1. Tang, Z.-Z., Chen, G., Alekseyenko, A. V., and Li, H. (2017). A General Framework for Association Analysis of Microbial Communities on a Taxonomic Tree. Bioinformatics, 33(9), 1278-1285.
2. Tang, Z.-Z. and Chen, G. (2017). Zero-Inflated Generalized Dirichlet Multinomial Regression Model for Microbiome Compositional Data Analysis. Submitted.

Examples

data(data.toy)
OTU.toy = data.toy$OTU.toy
Tax.toy = data.toy$Tax.toy
case = data.toy$covariate.toy
# the OTUs should be consistent between the OTU table and the taxonomy table
OTU.toy.reorder = OTU.toy[,match(rownames(Tax.toy), colnames(OTU.toy))]
# perform QCAT test for detecting differential mean
QCAT(OTU.toy.reorder, case, 1, Tax.toy, fdr.alpha=0.05)
# perform ZIGDM test for detecting differential dispersion
ZIGDM(OTU.toy.reorder, NULL, NULL, case, test.type = "Disp", 1, 
  ZI.LB = 10, Tax.toy, fdr.alpha = 0.05)

Real data that include an OTU table, a taxonomy table, and a covariate table

Description

The data are derived from a real gut microbiome study. The data contain an OTU table, a taxonomy table, and a covariate table. The data include 96 samples and 80 OTUs.

Usage

data("data.real")

Format

data.real contains the following objects:

  • OTU.real: a matrix of OTU counts for 96 samples and 80 OTUs

  • Tax.real: a matrix of taxonomy table from Rank1 (kingdom level) to Rank6 (genus level)

  • covariate.real: a matrix of three variables

Source

Wu, Gary D., et al. "Linking long-term dietary patterns with gut microbial enterotypes." Science 334.6052 (2011): 105-108.

Examples

data(data.real)

Simulated data that include an OTU table, a taxonomy table, and a covariate table

Description

This data is simulated based on a mock taxonomic tree.
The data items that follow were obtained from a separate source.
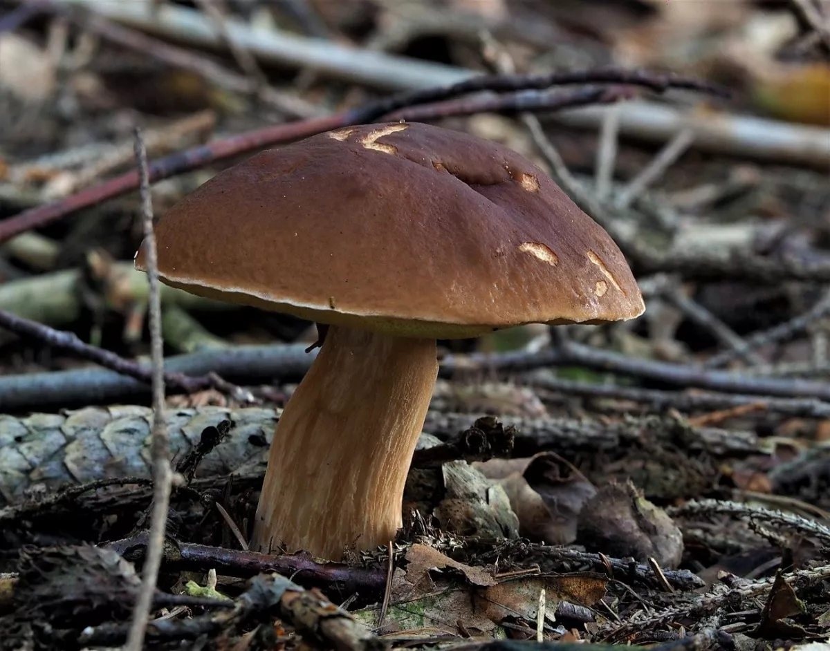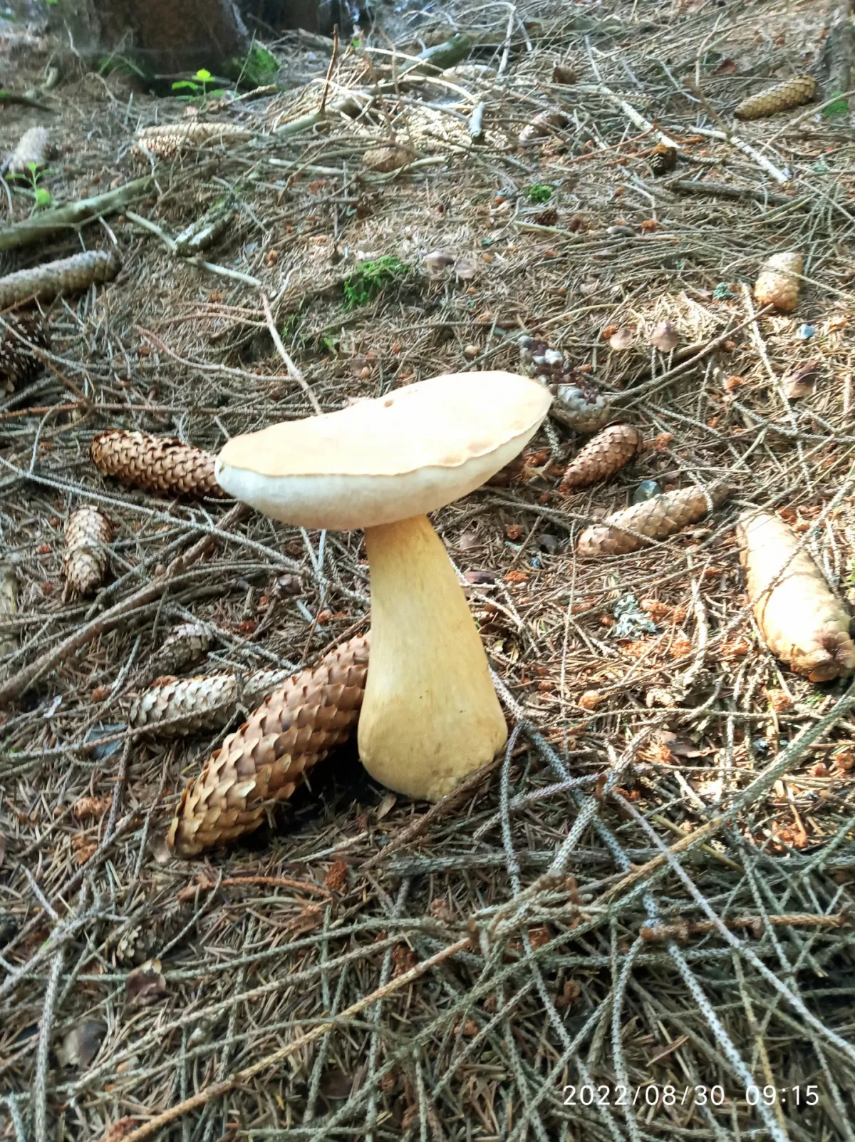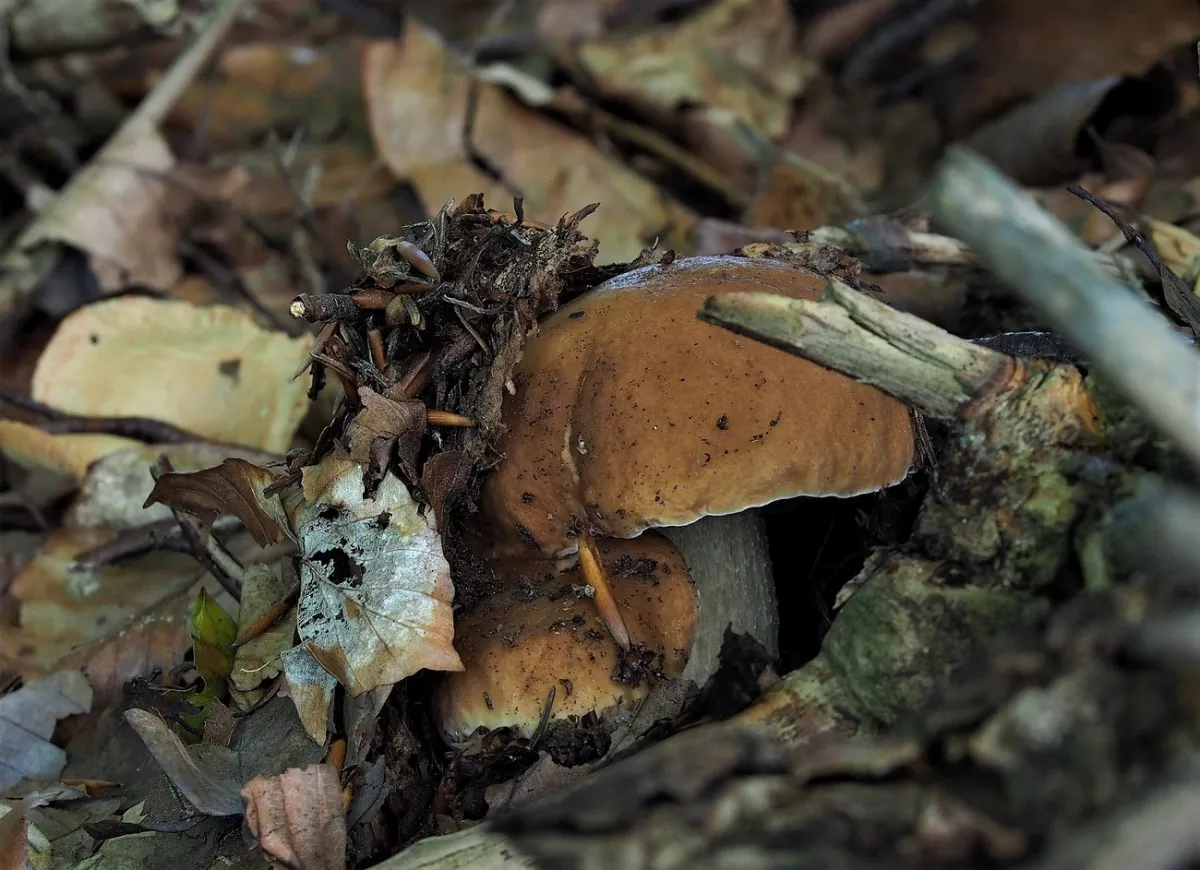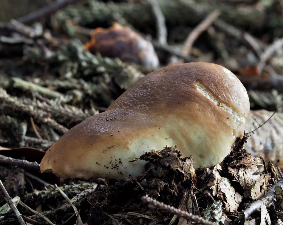 Hřib královský a ve smrčině? HAHA. I malý hříbek pár cm na velikosti, když nafotím na celou fotku vypadá jako obr.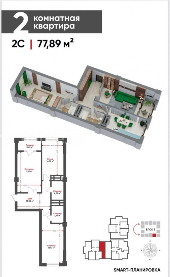 2-бөлм. бат., 77.65 м2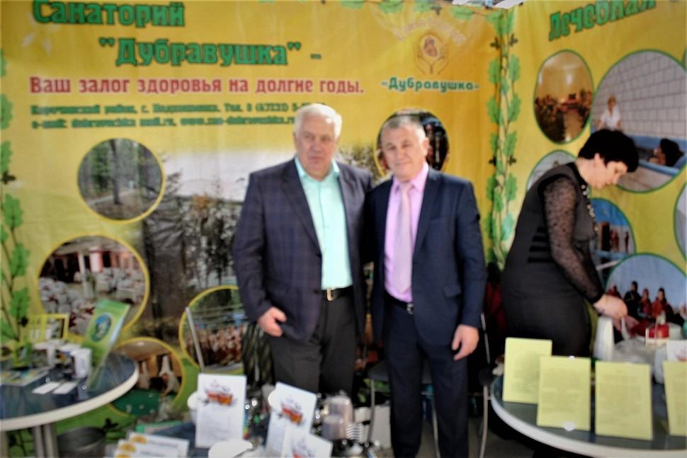 Поддержали на выставке санаторий «Дубравушка» почётные гости: учредитель, председатель Белгородской областной организации профсоюза работников АПК РФ Николай Нестерович Чуприна, заместитель председателя Белгородской областной организации Профсоюзов работников АПК РФ Валентина Ивановна Харебина.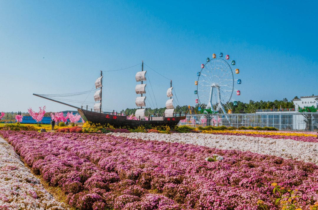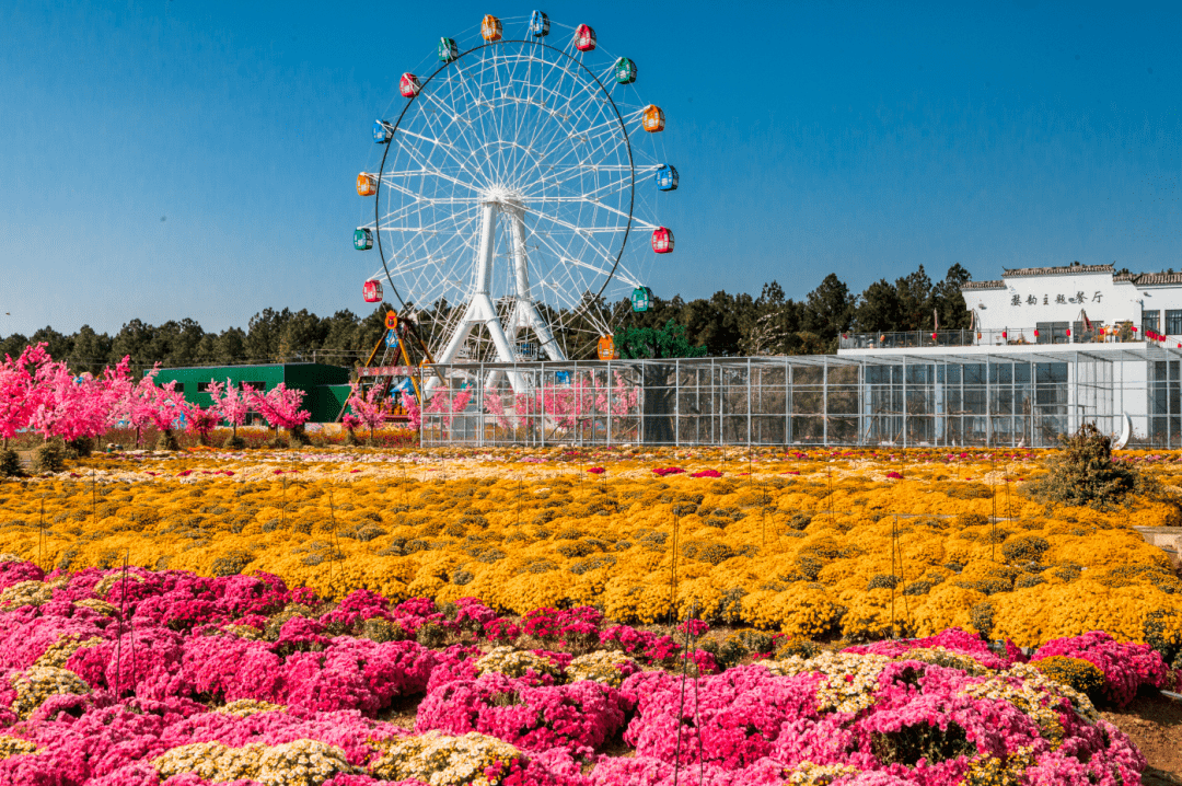 渔歌小镇•菊园位于浙江省金华市孝顺镇低田下马村,座落于金华与义乌交界处的东阳江畔,园内主要种植菊花,现已引进切花菊、传统菊、金陵菊、钟山菊四大系列,300多个品种,约100万盆菊花。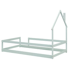 Product Name:Twin Size Wood bed with House-shaped Headboard Floor bed with Fences,Light Green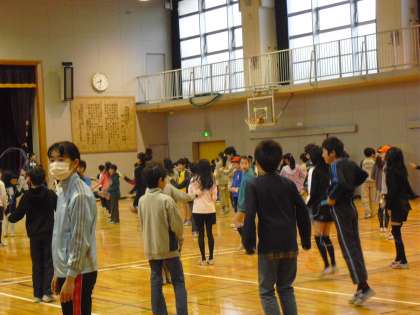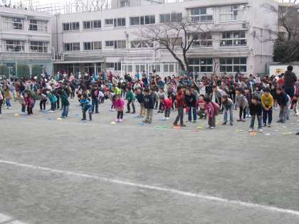 雪のちらつく寒い中でしたが、体育朝会をすることができました。子どもたちには家でもちょっとの時間に縄跳びに取り組んでほしいと願っています。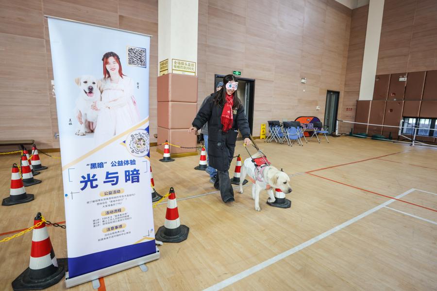 圖爲觀衆在導盲犬幫助下體驗盲人日常外出活動。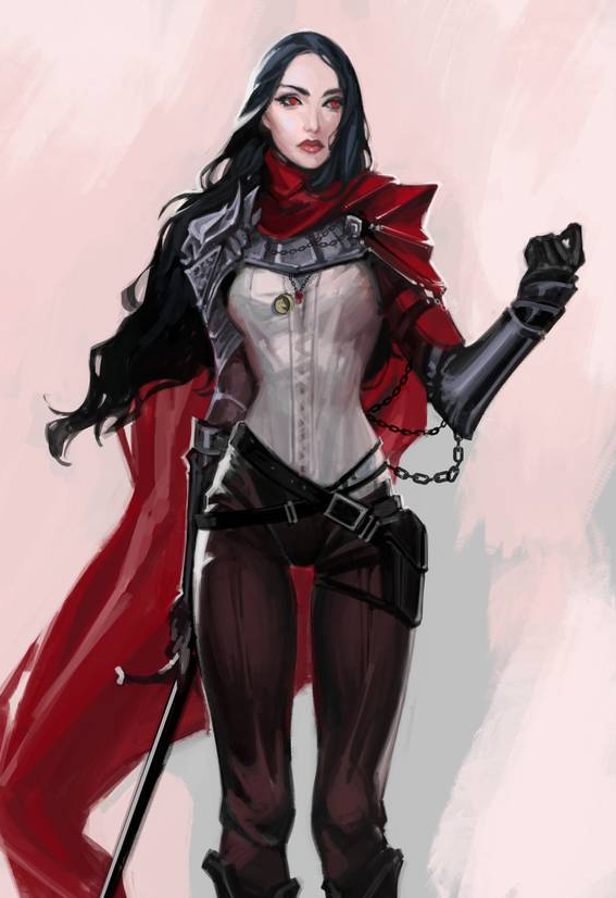 Sometimes the best disguise is being the most obvious thing in the room. She dons a voluminous blonde wig and dresses in fine (and alluring) clothing, adding makeup both to enhance her looks and subtly disguise the features that mark her as Vistana. She tailors this one's behavior based off where she is and what she's doing, but the character is always bold, proud, and at least a little flirty. Her fancy clothing, like her hair, tends towards the voluminous, allowing her to stow weapons under all the frippery. She also had the clothing altered such that it is very easy and swift to remove all the foofy bits so she can rapidly get at her weapons and be free to fight if needed.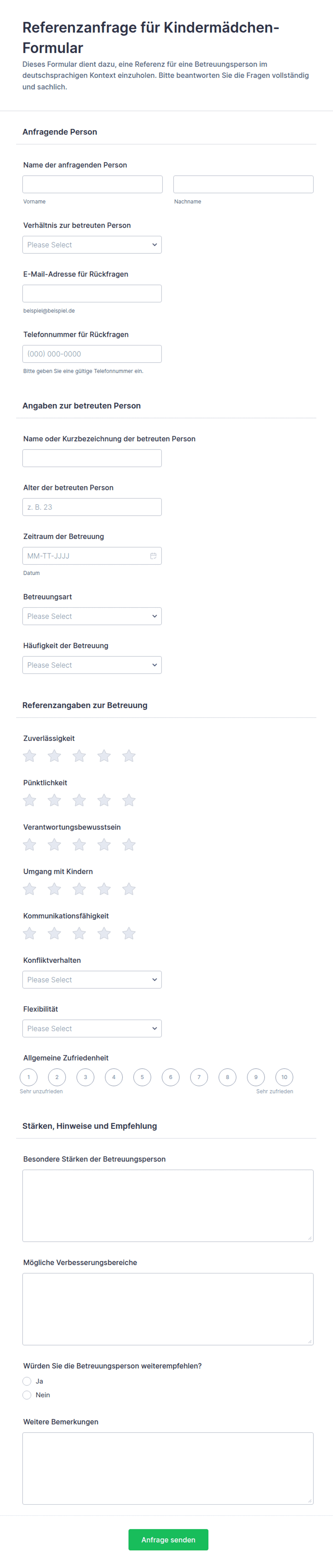 - Professionelle Referenzformulare erfassen die Arbeitsbeziehung, den Rollenkontext, Leistungsfeedback, Stärken, Zuverlässigkeit und die Eignung für die Rolle.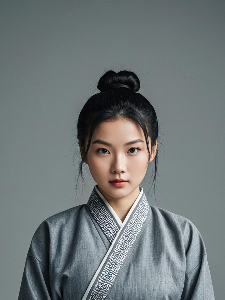 Korean tops costume, solo, 1girl, black hair, korean clothes, looking at viewer, grey background, hair bun, closed mouth, standing, simple background, long sleeves, realistic, single hair bun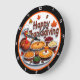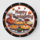 Happy Thanksgiving Cartoon Turkey Dinner Large Clock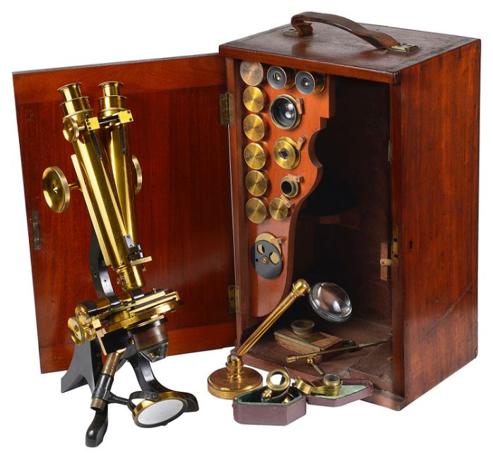 A late 19th century Henry Crouch lacquered brass binocular microscope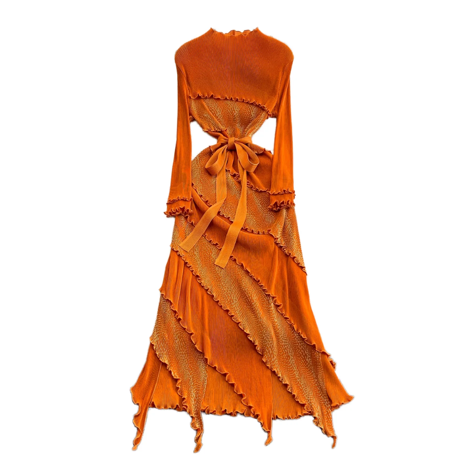 ZYHT 73849 European Wholesale Fashion Casual One Shoulder Ruched Maxi Dress Side Slit Pleated Long Sleeve Dresses for Women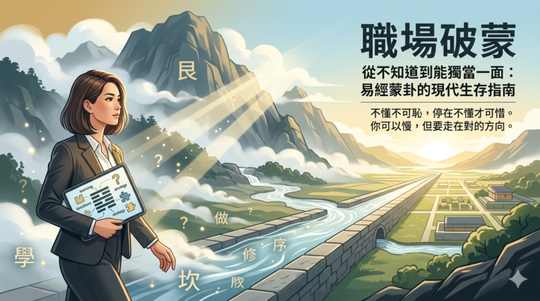 在職場與人生的某些階段,我們常感到努力卻看不清方向。《易經》第四卦「蒙卦」揭示:迷惘並非失敗,而是成長必經的學習期。本文以現代職場視角解析蒙卦象義、卦辭與六爻,說明如何在不確定中建立學習方法、提升提問能力與突破成長瓶頸。如果你正面臨轉職焦慮、新手壓力或人生卡關,這篇文章將帶你理解:不懂,正是變強的開始。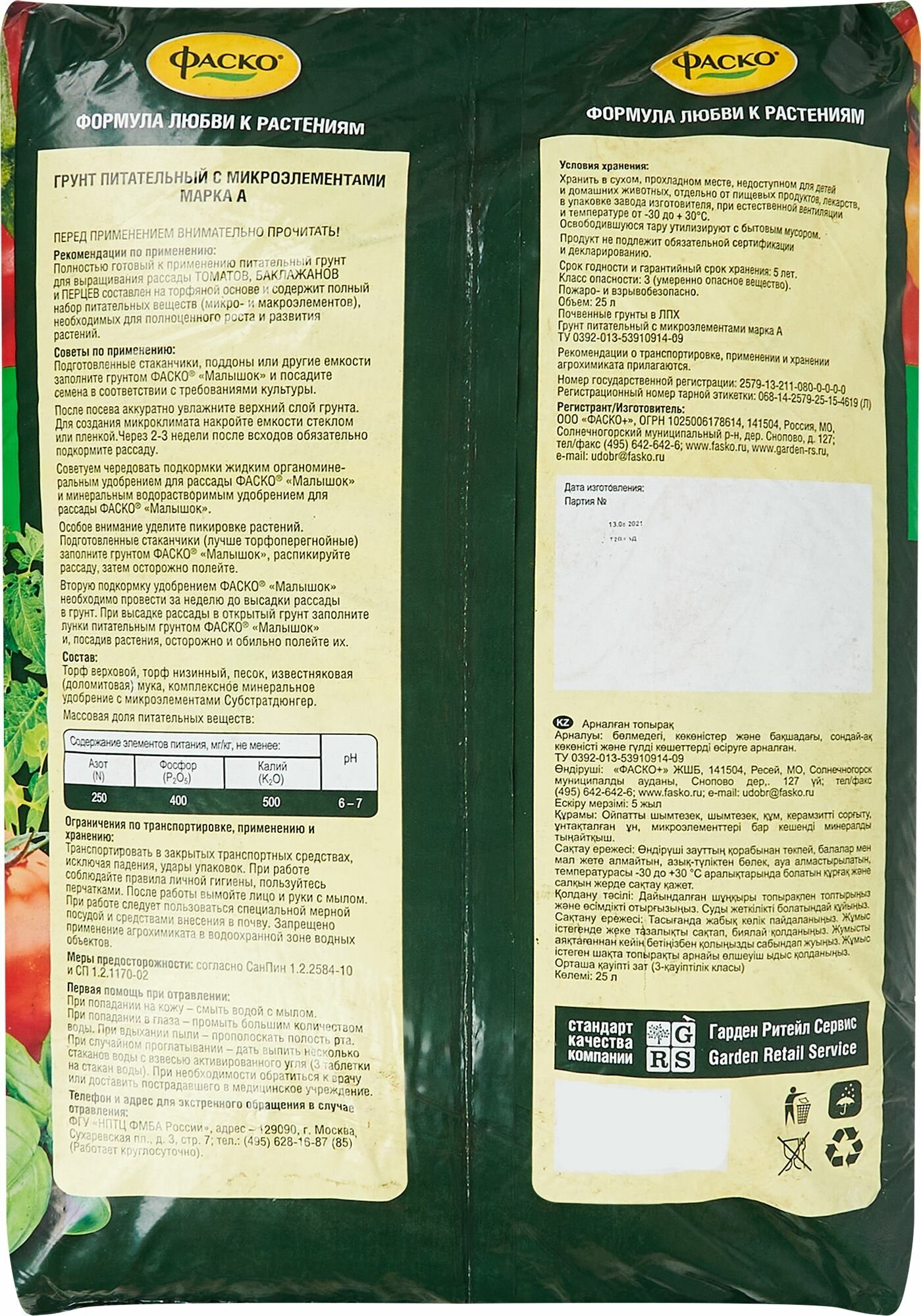 В заказе: 2 уп / Грунт для томатов и перцев 25л Малышок Фаско информация: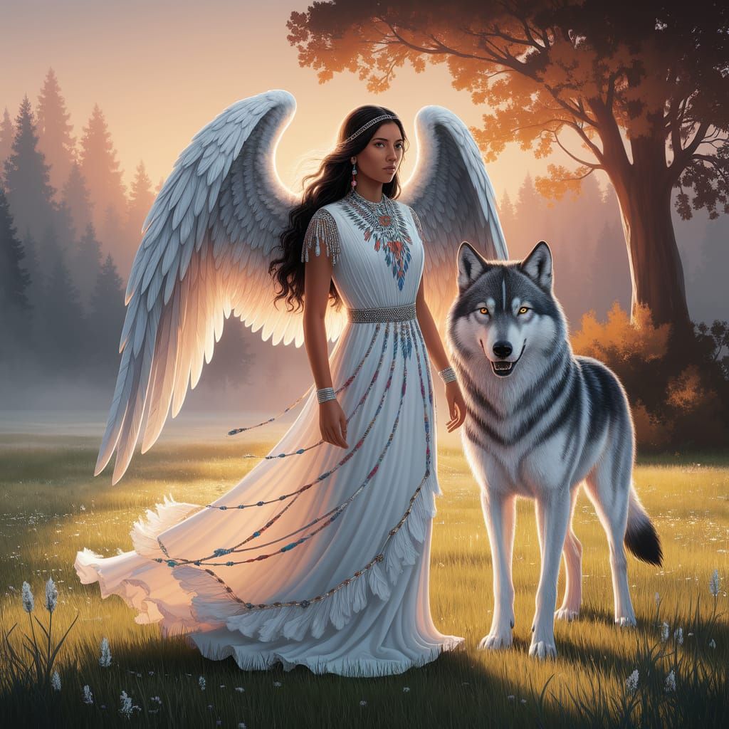 This image shows a Native American angel in a sunlit meadow, wearing a beaded white dress and feathers. A golden-eyed wolf stands beside her protectively in this scene of serene beauty. The artwork has soft, misty forest background.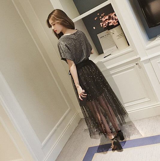 レディース春夏 オシャ 膝丈 半袖 上品 着痩せ ワンピース&レーススカート ロングワンピースセットKJUY5238106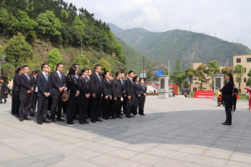 在漩口中学遗址“5.12”纪念碑前,全体人员默哀一分钟、三鞠躬,依次敬献鲜花,表达对地震中不幸遇难同胞的缅怀。在家国情怀宣誓广场,党支部书记甘永军同志带领全体党员、预备党员,面对庄严的党旗,重温入党誓词,再次宣誓“为共产主义奋斗终身”。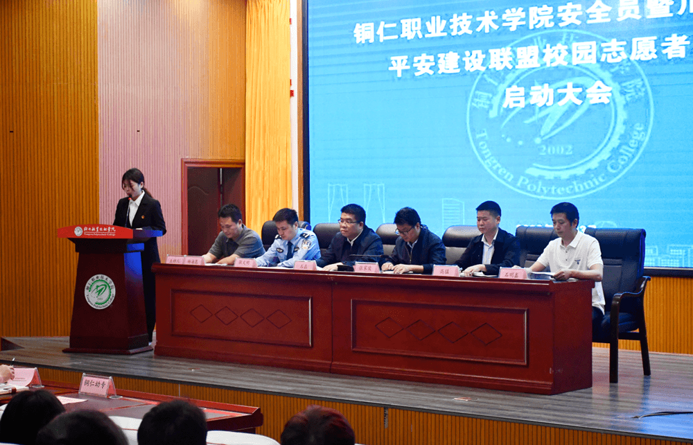 5月23日下午,金沙集团1862cc成色在寅亮厅举行安全员暨平安校园志愿者工作启动大会。学院党委委员、副院长张家俊,碧江区委副书记、政法委书记石磊,碧江区公安分局政委张文明,川硐街道党工委书记、平安建设联盟领导小组组长高猛,市教育局安监办主任石明鑫出席,市国安局、铜仁学院、铜仁幼专、贵州健康职院、川硐街道、文昌派出所相关领导,以及我院相关职能部门、二级学院负责人、师生志愿者代表参加会议。我院保卫处处长杨海昆主持会议。
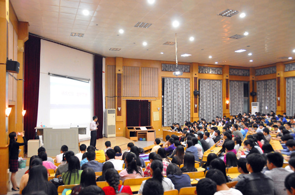 讲座中,蒋荣林围绕主题,结合个人工作经历,从三个方面为在场毕业生进行了讲解:首先,希望各位毕业生能够跳出校园看外部,用择业过程中的“望远镜”了解社会、看准方向;其次,希望各位毕业生充分了解自己的优势、劣势,用择业过程中的“显微镜”认识自我、做好定位;最后,希望各位毕业生用正确的方法做正确的事,用择业过程中的“钥匙”精心准备,成功求职。

The data contain an OTU table, a taxonomy table, and a covariate. The data include 50 samples (25 case-control pairs) and 7 OTUs.

Usage

data("data.toy")

Format

data.toy contains the following objects:

  • OTU.toy: a matrix of OTU counts for 50 samples and 7 OTUs

  • Tax.toy: a matrix of taxonomy table with 3 ranks

  • covariate.toy: a matrix of one variable

Source

This is a simulated data based on a mock taxonomic tree.

Examples

data(data.toy)

Quasi-Conditional Association Test (QCAT)

Description

This function allows users to (a) perform QCAT on multivariate taxon counts; (b) perform QCAT on the taxonomic tree to localize the covariate-associated lineages; and (c) assess the overall association of the microbial community with the covariate of interest.

Usage

QCAT(OTU, X, X.index, Tax = NULL, 
min.depth = 0, n.resample = NULL, fdr.alpha = 0.05)

Arguments

OTU

a numeric matrix contains counts with each row corresponds to a sample and each column corresponds to an OTU or a taxon. Column name is mandatory. No missing values are allowed.

X

a numeric matrix contains covariates with each column pertains to one variable. Samples in the OTU and X matrices should be identical and in the same order. No missing values are allowed.

X.index

a vector indicates the columns in X for the covariate(s) of interest. The remaining columns in X will be treated as confounders.

Tax

a matrix define the taxonomic ranks with each row corresponds to an OTU or a taxon and each column corresponds to a rank (start from the higher taxonomic level, e.g., from kingdom to genus). Row name is mandatory and should be consistent with the column name of the OTU table, Column name should be formatted as "Rank1", "Rank2", etc, representing the taxonomic levels from highest to lowest.

min.depth

lower bound for sample read depth. Samples with read depth less than min.depth will be removed before the analysis.

n.resample

number of reamplings/permutations

fdr.alpha

desired false discovery rate for multiple tests on the lineages.

Value

If Tax=NULL (Default), a test is performed using all the OTUs/taxa.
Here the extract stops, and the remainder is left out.